American jockey and trainer

Vincent Minford Powers (June 6, 1891 – October 19, 1966) was an American Champion jockey and trainer who competed in both flat racing and steeplechase racing. He rode the winning horse Wintergreen in the 1909 Kentucky Derby and in 1927 and 1928 rode Jolly Roger to back-to-back wins in the most important steeplechase race in the United States, the American Grand National. He was inducted into the National Museum of Racing and Hall of Fame in 2015 as well as the Chautauqua County, New York Sports Hall of Fame in formal ceremonies held on February 16, 2015.

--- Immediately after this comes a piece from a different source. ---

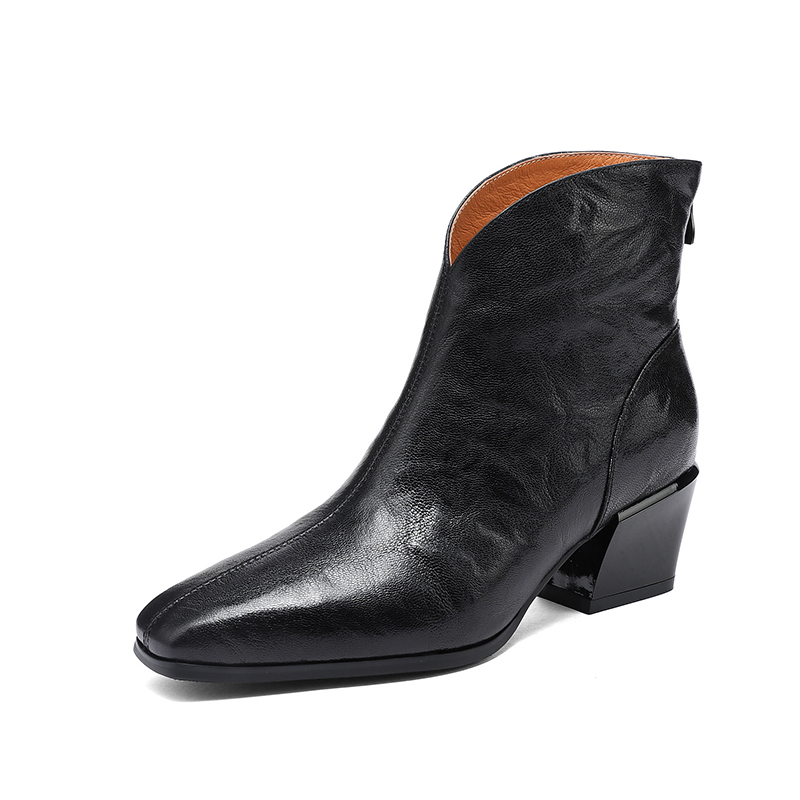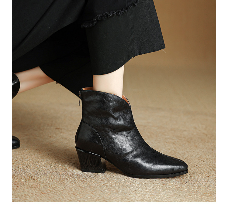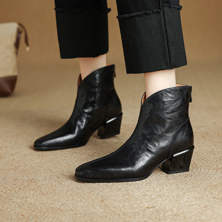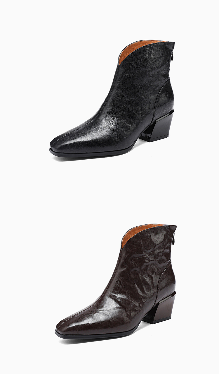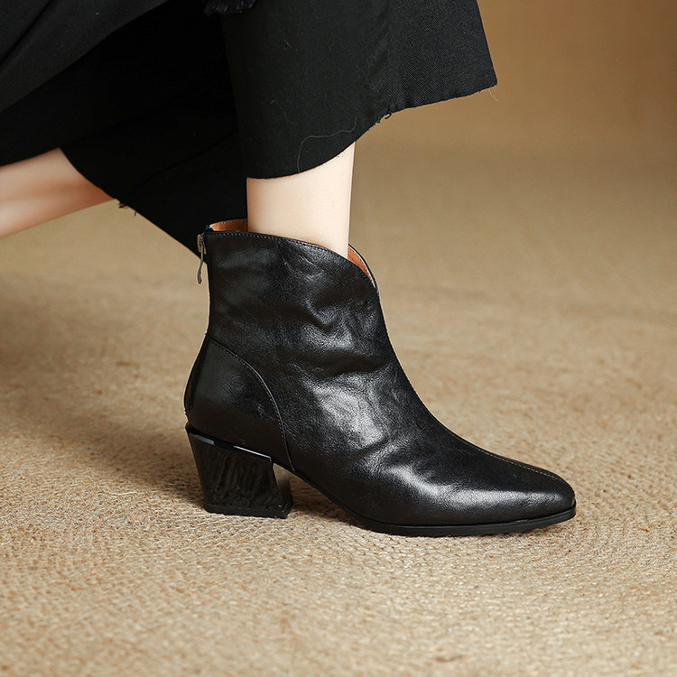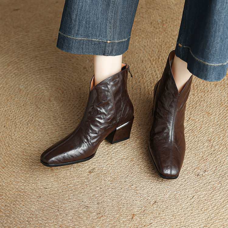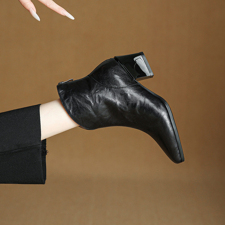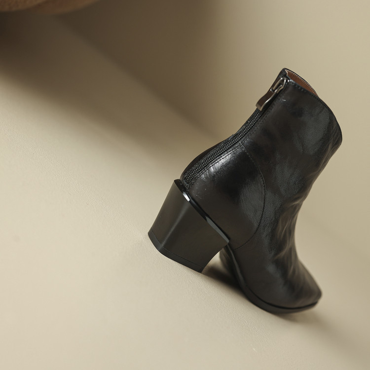 【预售5天】真皮真毛粗跟羊皮短靴女冬季羊羔毛雪地靴方头高跟瘦瘦靴保暖大棉鞋MLJ&C210

In his early teens, Vincent Powers went to Canada where he worked at the Fort Erie Race Track as an exercise rider. That job led to his career as a jockey, the training for which came when he was managed by future Canadian Horse Racing Hall of Fame trainer John Nixon.

In 1908 and 1909, Vincent Powers earned national riding championships when he won more races than any other jockey in United States flat racing. In 1917 he became the first jockey in American racing to win a National Championship in both steeplechase and flat racing.